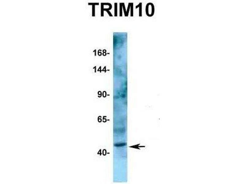 - This is a rabbit polyclonal antibody against TRIM10. It was validated on Western Blot using a cell lysate as a positive control.
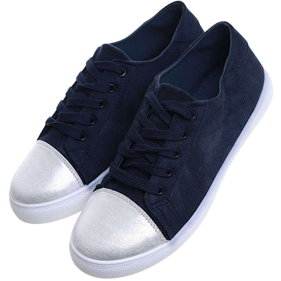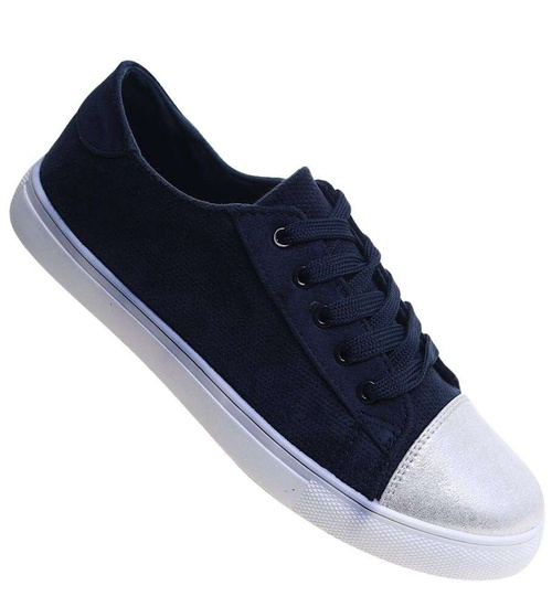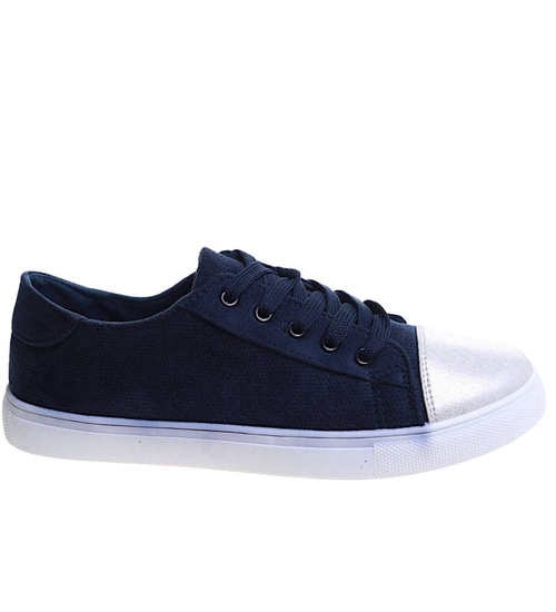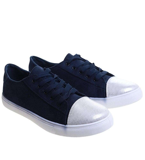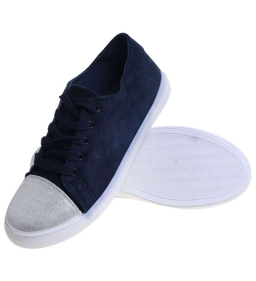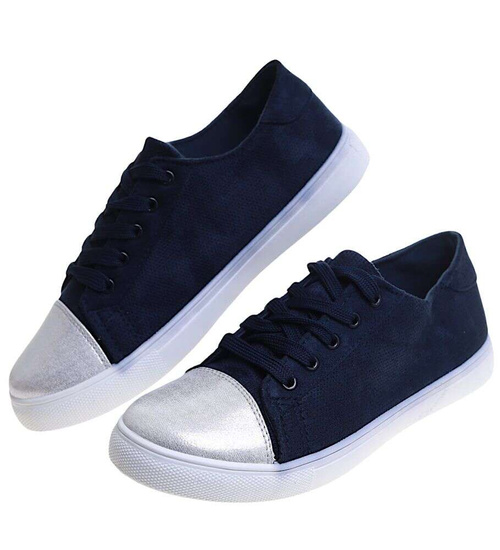 Sznurowane granatowe trampki damskie /E7-2 13617 S171/
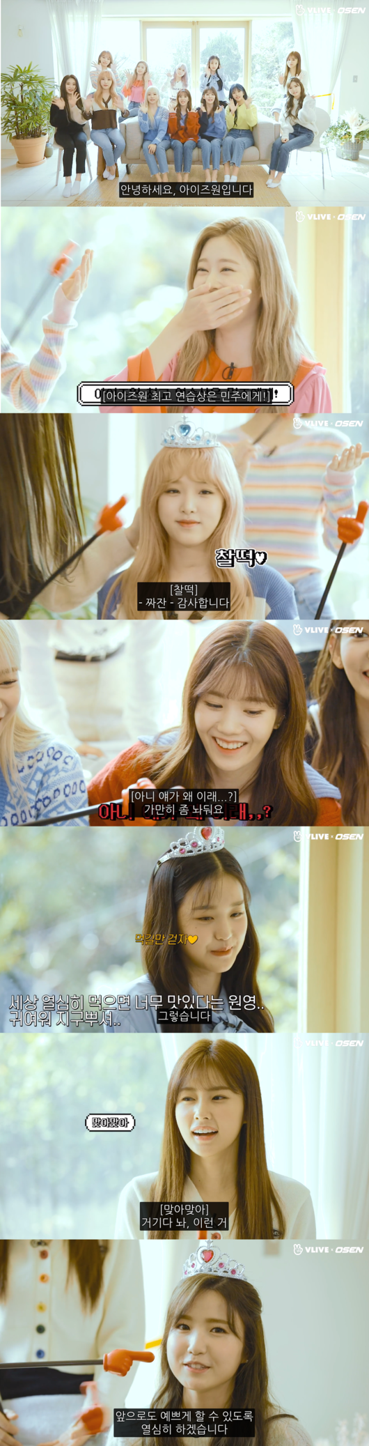 “제일 잘 먹는 먹상” 1위는 원영이었다. 멤버들은 “원영은 정말 행복하게 먹는다. 김에 뭘 올려먹는 등 정말 맛있게 먹는다. 하루에 대화하는 얘기의 비중에서 가장 많이 차지하는 게 음식 얘기”라고 말했다.
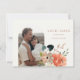 This gorgeous wedding save the date flat card features a lovely creamy ivory background, both back and front. A contemporary set of fonts in a rich ochre, couple photo in arch form and voluptious watercolor blooms sets a joyful and elegant tone.
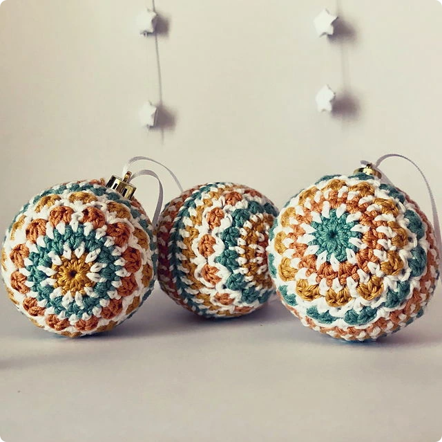 Crochet baubles can be customized in any color to match your holiday palette. Add glittery yarn or metallic threads to give them that extra sparkle.
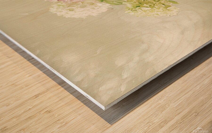 Beautiful white and pink hortensia flowers in vase on table	  Wood print
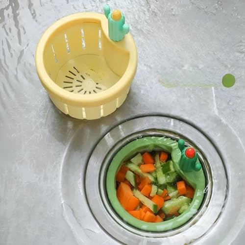 Generic - سلة تصريف على شكل صبار - فلتر حوض متعدد الوظائف مع ميزة التنظيف الذاتي وإزالة النفايات بسهولة من خلال الباب السفلي، مثالية للمطبخ والمنزل
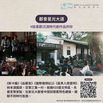 邁入第13年的新北協拍中心,至今協助超過6,700件協拍服務,甫榮獲第58屆金鐘獎的影集《村裡來了個暴走女外科》、《人選之人—造浪者》及《模仿犯》,與入圍第60屆金馬獎的《關於我和鬼變成家人的那件事》、《老狐狸》、《周處除三害》等作品,都曾造訪在新北取景拍攝,大幅提升新北場景能見度。

- **WHAT IS NEEDED**
The lines needed are those from the one containing "1위는 원영이었다. 멤버들은" through the end of the listing, given again word for word and without any picture.

- **EXERCISE ANSWER**
 “제일 잘 먹는 먹상” 1위는 원영이었다. 멤버들은 “원영은 정말 행복하게 먹는다. 김에 뭘 올려먹는 등 정말 맛있게 먹는다. 하루에 대화하는 얘기의 비중에서 가장 많이 차지하는 게 음식 얘기”라고 말했다.
 This gorgeous wedding save the date flat card features a lovely creamy ivory background, both back and front. A contemporary set of fonts in a rich ochre, couple photo in arch form and voluptious watercolor blooms sets a joyful and elegant tone.
 Crochet baubles can be customized in any color to match your holiday palette. Add glittery yarn or metallic threads to give them that extra sparkle.
 Beautiful white and pink hortensia flowers in vase on table	  Wood print
 Generic - سلة تصريف على شكل صبار - فلتر حوض متعدد الوظائف مع ميزة التنظيف الذاتي وإزالة النفايات بسهولة من خلال الباب السفلي، مثالية للمطبخ والمنزل
 邁入第13年的新北協拍中心,至今協助超過6,700件協拍服務,甫榮獲第58屆金鐘獎的影集《村裡來了個暴走女外科》、《人選之人—造浪者》及《模仿犯》,與入圍第60屆金馬獎的《關於我和鬼變成家人的那件事》、《老狐狸》、《周處除三害》等作品,都曾造訪在新北取景拍攝,大幅提升新北場景能見度。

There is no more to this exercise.